What is a chef like you doing in a place like this?

Anonim

The gifted student

The gifted student.

That an Indian finds his guru in Spain sounds a bit like a backwards story. That the first is a cook and the second Ferrán Adrià, is already beginning to make sense . But if on top of that the disciple ends up in Bangkok trying to give Indian cuisine a twist, the combination of factors is extravagant enough to arouse anyone's curiosity. For that reason, I recently convinced a good friend and we went to Gaggan restaurant, hidden in a quiet street in the center of Bangkok.
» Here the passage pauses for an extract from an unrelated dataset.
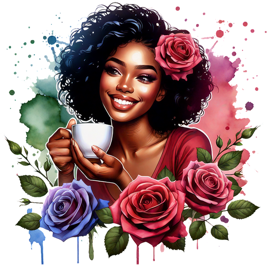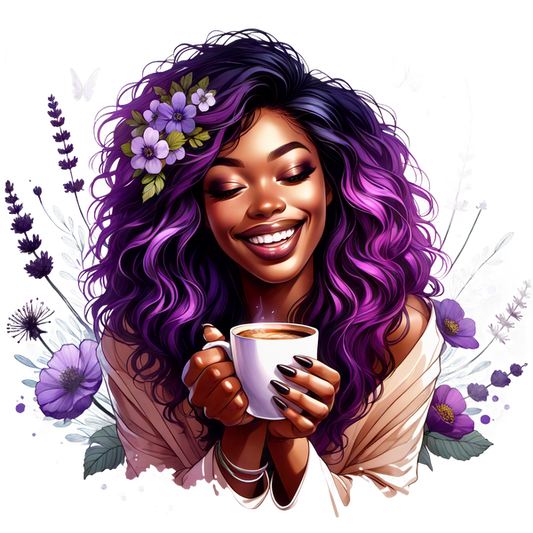 Regular price From £0.75 GBPRegular priceUnit price / per£2.39 GBPSale price From £0.75 GBPA cheerful woman with long purple hair holds a steaming cup of coffee, surrounded by vibrant flowers, exuding warmth and joy. dtf transfers

Before meeting Adriá, chef Gaggan Arnand had worked in successful restaurants in Bangkok. But the eight weeks he spent at the beginning of last year learning at Ferrán's school in Manresa (the Alicia Foundation) radically changed his way of understanding cooking and aroused in this native of Calcutta the desire to experiment and change the order of what is established. “Ferrán is my guru, he taught me to think” This big guy with glasses and the air of a naughty boy tells me with a smile. His face lights up when he talks about his first meeting with the teacher: “As soon as he saw me in the kitchen, Ferrán walked towards me with a quick step and asked me: 'Indian?', he relates. "I told him yes and he smiled as he nodded his head."

The Gaggan Restaurant Garden

The Gaggan Restaurant Garden

Arnand was the second Asian and the first Indian to go through the foundation of El Bulli , and Adriá was probably aware from that first meeting of the possibilities that he could have by applying his concept to a gastronomy as varied and established as India. And he was not wrong. The ten dishes that make up the tasting menu are a succession of flavors and sensations that stimulate the five senses, sometimes simultaneously.

The yoghurt explosion that opens the parade brings freshness and flavors that lay the foundations for what awaits us, a contemporary cuisine with indian flavors . Among others, the mojito en palo, the clam masala and the chicken tikka with chutney foam will come. Among my favourites, the oyster leaves, a tree that grows by the sea in South India (and which really taste like oysters) or the egg cooked at 55⁰ for hours with curried mushrooms. That's not to mention the plastic packets of almonds, made of an edible material that melts in your mouth. Or the Iberian pork with vindaloo sauce, his particular tribute to our cuisine, in a dish that, when uncovered, envelops the diner in a cloud of sandalwood smoke.

Our table is separated from the kitchen by a glass panel , through which we can see the detail and effort that precede each dish. It is a culinary show in which the chef and his team move between large bathtubs of water, liquid nitrogen tanks and condensers.

Gaggan's kitchen exposed

Gaggan's kitchen exposed

Nevertheless, Gaggan's great success is not having been completely seduced by the siren songs of molecular cuisine and its excessive deconstructions. “I am not in favor of abusing the technique and transforming a curry into a foam ball. I prefer to consider what I do as Indian progressive cooking,” he explains. And the truth is that no Neither its owner nor the restaurant suffer from the snobbery typical of this type of establishment.

The restaurant is located at a white wooden colonial house , with a modern and simple decoration, which again deviates from the traditional line of Indian restaurants. Judging by the Thai, expat and young Indian couples who fill their tables on a Monday night, their concept has won over.

"I don't aspire to be El Bulli" , he tells me at the end of dinner. "Bulli there is only one". Can be. But I am sure that Ferrán would be fully satisfied with his outstanding student, as well as thinking, as he always remembers, he taught to have fun cooking with a passion that crosses borders.